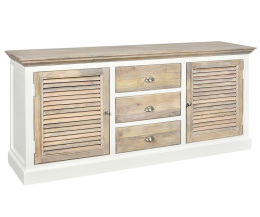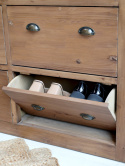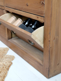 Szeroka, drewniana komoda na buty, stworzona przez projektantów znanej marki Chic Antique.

--

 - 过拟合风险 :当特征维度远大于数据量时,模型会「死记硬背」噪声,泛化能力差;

* * *

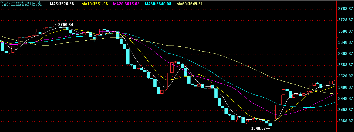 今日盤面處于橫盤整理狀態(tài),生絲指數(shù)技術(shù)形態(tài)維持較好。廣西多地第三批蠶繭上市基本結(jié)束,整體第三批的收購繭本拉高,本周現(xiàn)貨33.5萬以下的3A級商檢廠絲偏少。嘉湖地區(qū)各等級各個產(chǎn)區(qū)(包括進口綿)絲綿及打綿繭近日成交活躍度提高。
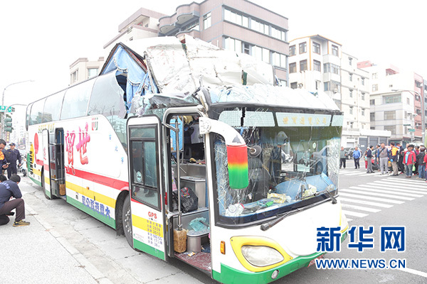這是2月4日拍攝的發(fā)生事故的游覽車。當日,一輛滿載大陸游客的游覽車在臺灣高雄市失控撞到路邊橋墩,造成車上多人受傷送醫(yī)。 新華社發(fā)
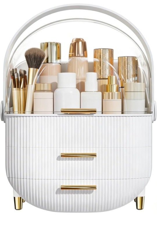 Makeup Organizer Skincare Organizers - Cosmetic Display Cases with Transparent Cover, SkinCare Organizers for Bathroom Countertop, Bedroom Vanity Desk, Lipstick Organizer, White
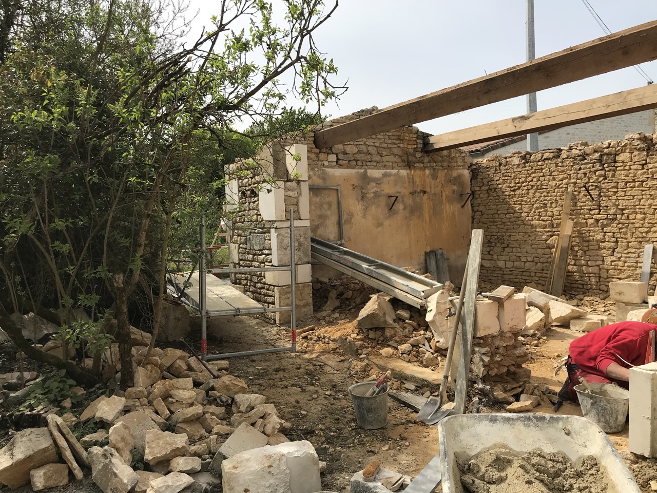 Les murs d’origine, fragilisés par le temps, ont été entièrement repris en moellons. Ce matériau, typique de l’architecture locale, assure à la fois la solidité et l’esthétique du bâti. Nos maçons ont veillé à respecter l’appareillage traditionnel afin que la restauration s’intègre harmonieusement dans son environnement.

Exercise directions
Exercise for the records above: copy only the lines from the one with "這是2月4日拍攝的發(fā)" to the one with "Makeup Organizer Skincare", both ends kept, and drop the pictures.

Response area
這是2月4日拍攝的發(fā)生事故的游覽車。當日,一輛滿載大陸游客的游覽車在臺灣高雄市失控撞到路邊橋墩,造成車上多人受傷送醫(yī)。 新華社發(fā)
 Makeup Organizer Skincare Organizers - Cosmetic Display Cases with Transparent Cover, SkinCare Organizers for Bathroom Countertop, Bedroom Vanity Desk, Lipstick Organizer, White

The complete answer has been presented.